• _AIM OF THE EXERCISE_: Do not copy the pictures. Write out the lines from the start of the entries through the line containing "また、学校運営委員会を支える活動母体(町会・やぐらの会・YCC等)があります。".

• _DATA RECORDS_:

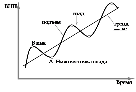 Рис. 8.2. Экономический цикл: А – точка максимального спада;
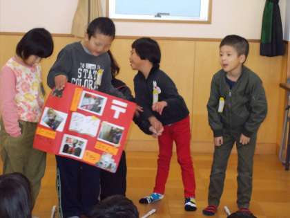 毎回恒例のハッピーバースデーの歌の後,5組の町たんけん「ゆうびんきょく」の発表がありました。ポスターでの発表とクイズがありました。郵便局の秘密も知れてうれしそうでした。
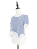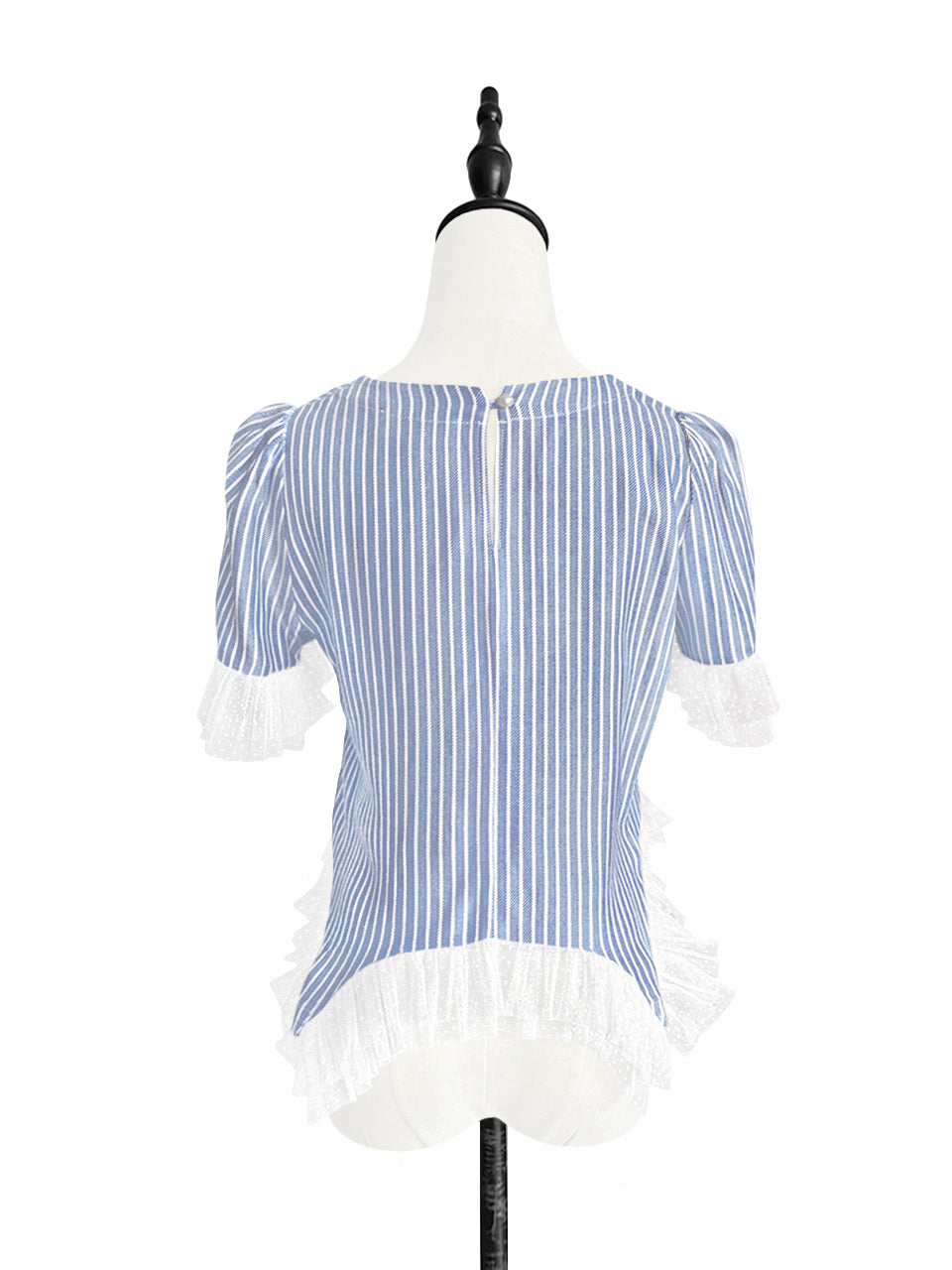 Our fail-safe way to make a classic top mega stylish? Well, it’s all in the details. The ruffled asymmetrical hem makes an instant statement, and we've given the short sleeves a feminine touch with an upgrade of dotty lace frilly cuffs and puffed shoulders. Plus a super comfy dolly-cut and a detailed back keyhole opening with a pearly button for a sophisticated finish.
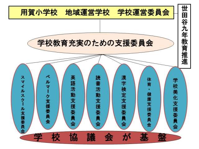 また、学校運営委員会を支える活動母体(町会・やぐらの会・YCC等)があります。
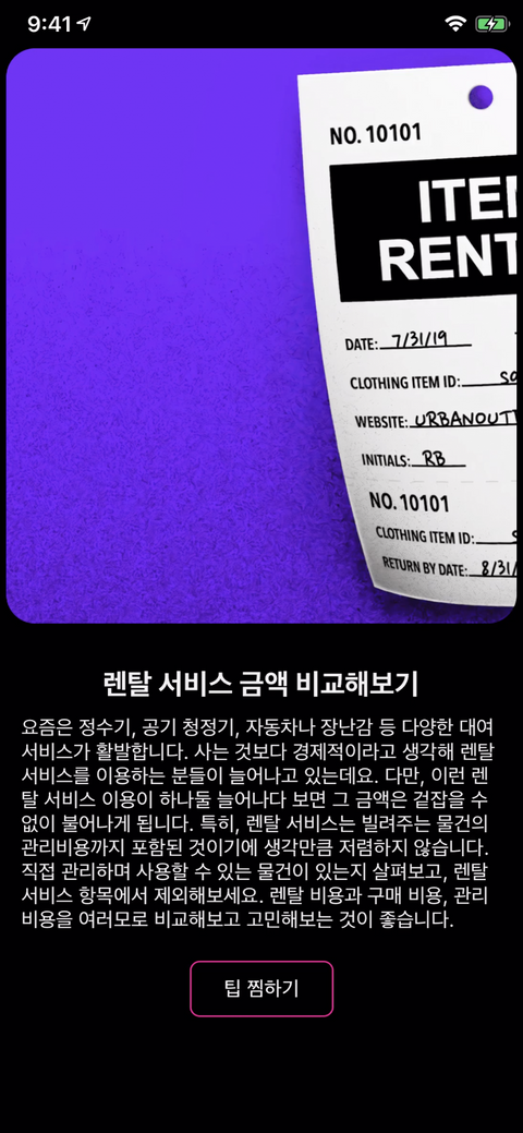 desc: "요즘은 정수기, 공기 청정기, 자동차나 장난감 등 다양한 대여서비스가 활발합니다. 사는 것보다 경제적이라고 생각해 렌탈 서비스를 이용하는 분들이 늘어나고 있는데요. 다만, 이런 렌탈 서비스 이용이 하나둘 늘어나다 보면 그 금액은 겉잡을 수 없이 불어나게 됩니다. 특히, 렌탈 서비스는 빌려주는 물건의 관리비용까지 포함된 것이기에 생각만큼 저렴하지 않습니다. 직접 관리하며 사용할 수 있는 물건이 있는지 살펴보고, 렌탈 서비스 항목에서 제외해보세요. 렌탈 비용과 구매 비용, 관리 비용을 여러모로 비교해보고 고민해보는 것이 좋습니다. ",

• _EXERCISE RESULT_:
 Рис. 8.2. Экономический цикл: А – точка максимального спада;
 毎回恒例のハッピーバースデーの歌の後,5組の町たんけん「ゆうびんきょく」の発表がありました。ポスターでの発表とクイズがありました。郵便局の秘密も知れてうれしそうでした。
 Our fail-safe way to make a classic top mega stylish? Well, it’s all in the details. The ruffled asymmetrical hem makes an instant statement, and we've given the short sleeves a feminine touch with an upgrade of dotty lace frilly cuffs and puffed shoulders. Plus a super comfy dolly-cut and a detailed back keyhole opening with a pearly button for a sophisticated finish.
 また、学校運営委員会を支える活動母体(町会・やぐらの会・YCC等)があります。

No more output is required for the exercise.